╭─ Dataset entries

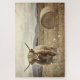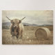Esta obra de arte de creación digital presenta una majestuosa vaca Highland parada en un campo rústico de heno, con un bale de heno redondo cerca, todo representado en un estilo fotográfico vintage. Los suaves tonos sepia y los detalles en textura evocan el encanto de antaño, perfecto para una casa de campo o una decoración de campo.
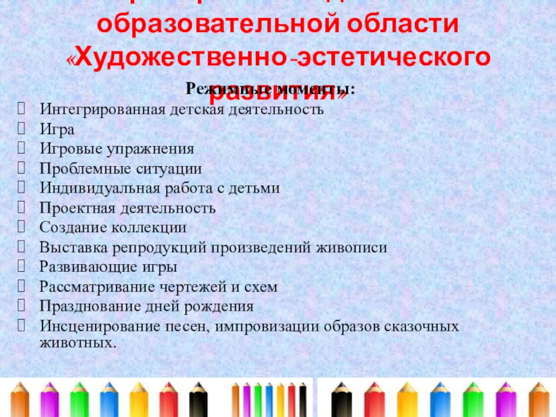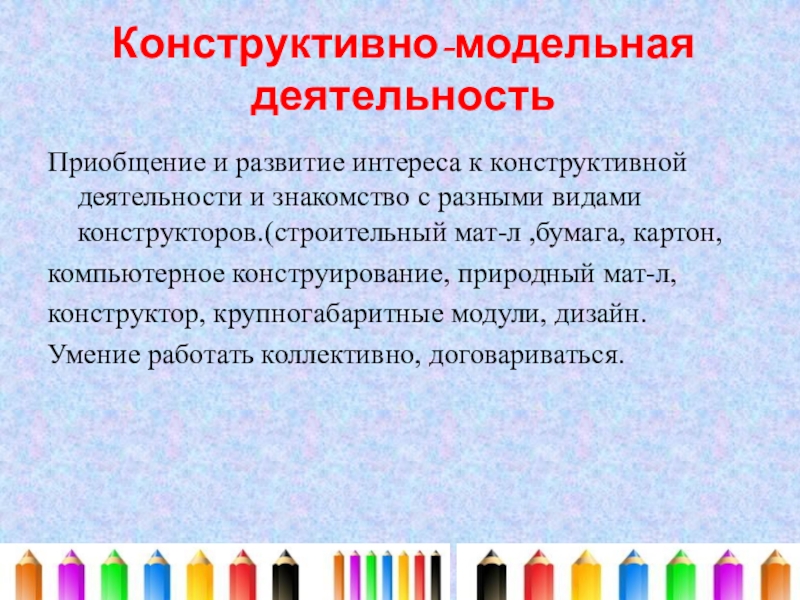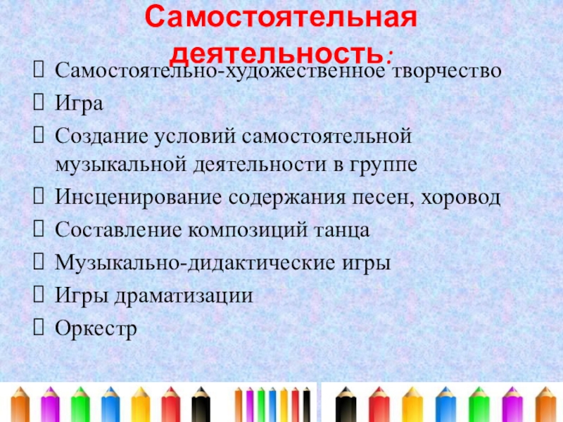6. Реализация самостоятельной творческой деятельности детей (изобразительный, конструктивно - модельной, музыкальной)
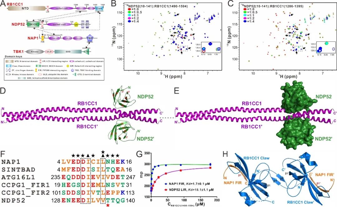 图1:NDP52和NAP1结合RB1CC1的生化和结构数据
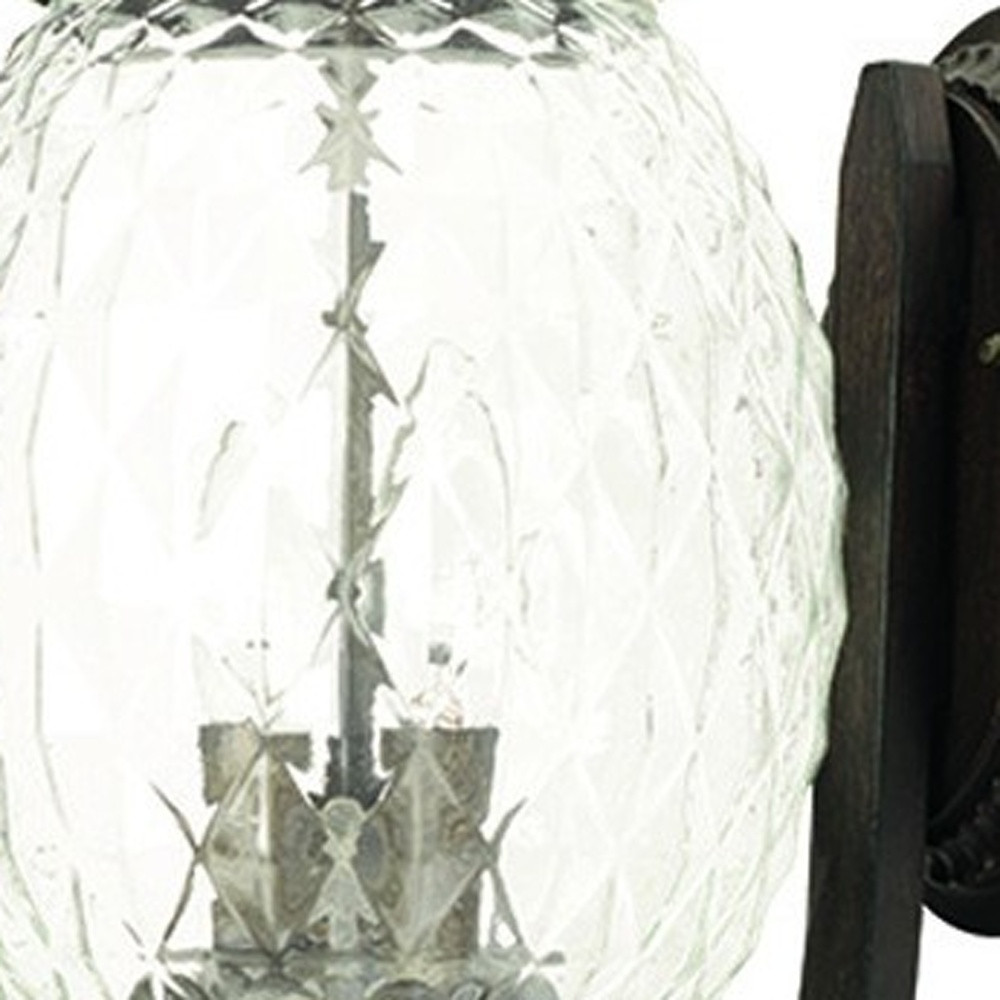 Lanai embodies southern charm, offering a welcoming and elegant touch to your home. This tropical fruit-shaped wall lantern is an exquisite combination of durability and style. Crafted from cast aluminum with clear, textured glass in the shape of a pineapple, this 3-light lantern is perfect for creating a warm and inviting ambiance. Ideal for front doors or man caves, this lantern symbolizes hospitality and sophistication.
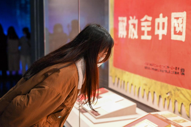 大家或驻足凝望,或用心聆听。渡江战役的胜利,充分展示了党领导下的人民军队和人民战争,无坚不摧、无往不胜的巨大力量, 渡江战役历时42天,解放全中国。全体党员对渡江战役都有了更加鲜活、深刻的认识。
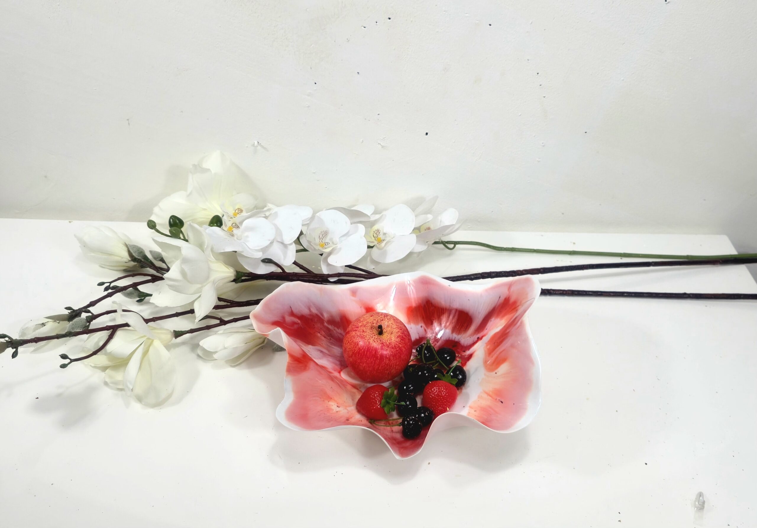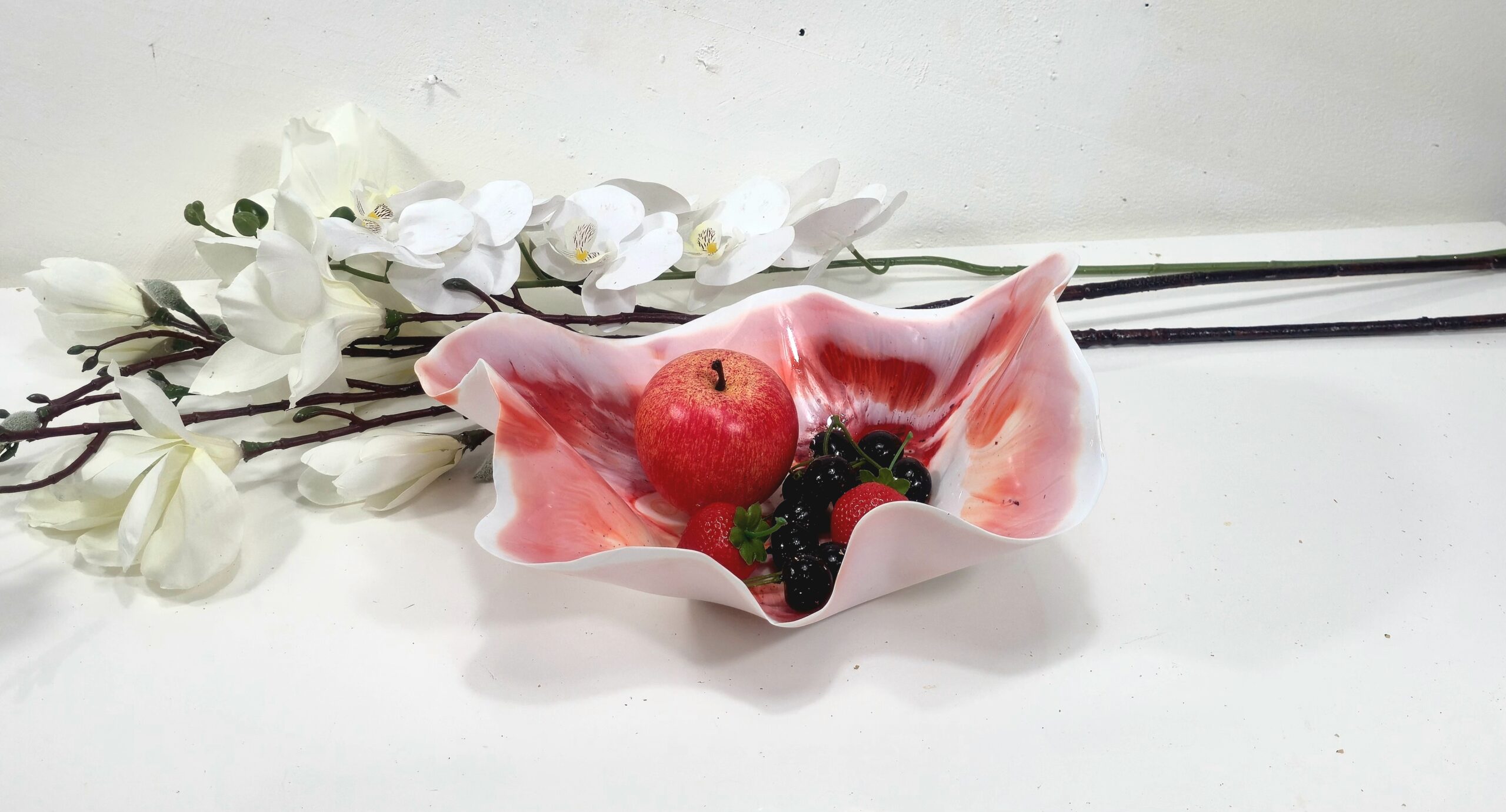 SHALLOW SMALL RED/WHITE FRUIT BOWL
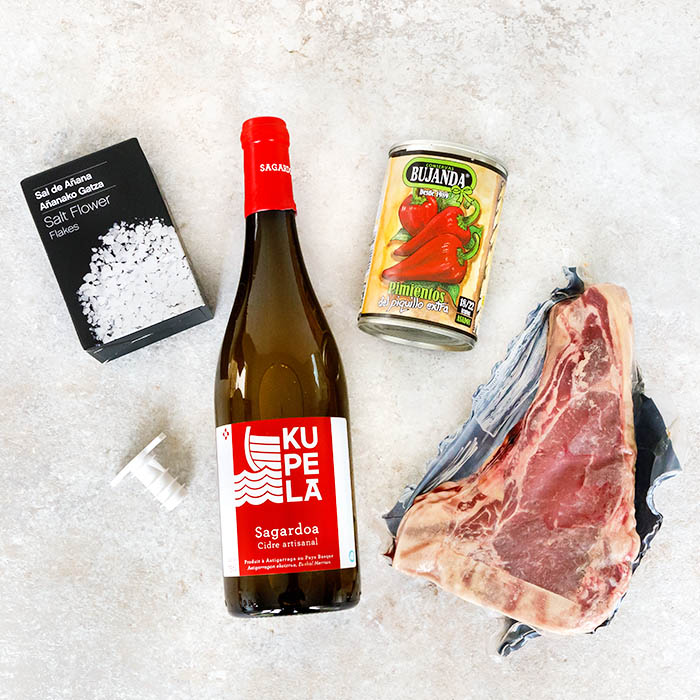 Our steak hamper includes a whole rib of Galician beef, masterfully paired with our Basque Añana salt flakes so you can season the steak well, a tin of wood roasted piquillo peppers from Navarra ready to confit in some olive oil and garlic and a bottle of Kupela Basque cider and a cider pourer, so you can break the cider in style and do your own txotx.

╰─

* **What is expected**
In the copy, include exactly the lines from the one with "Lanai embodies southern" through the final line of the entries above, both ends counted, and no pictures.

* **Answer for the task**
 Lanai embodies southern charm, offering a welcoming and elegant touch to your home. This tropical fruit-shaped wall lantern is an exquisite combination of durability and style. Crafted from cast aluminum with clear, textured glass in the shape of a pineapple, this 3-light lantern is perfect for creating a warm and inviting ambiance. Ideal for front doors or man caves, this lantern symbolizes hospitality and sophistication.
 大家或驻足凝望,或用心聆听。渡江战役的胜利,充分展示了党领导下的人民军队和人民战争,无坚不摧、无往不胜的巨大力量, 渡江战役历时42天,解放全中国。全体党员对渡江战役都有了更加鲜活、深刻的认识。
 SHALLOW SMALL RED/WHITE FRUIT BOWL
 Our steak hamper includes a whole rib of Galician beef, masterfully paired with our Basque Añana salt flakes so you can season the steak well, a tin of wood roasted piquillo peppers from Navarra ready to confit in some olive oil and garlic and a bottle of Kupela Basque cider and a cider pourer, so you can break the cider in style and do your own txotx.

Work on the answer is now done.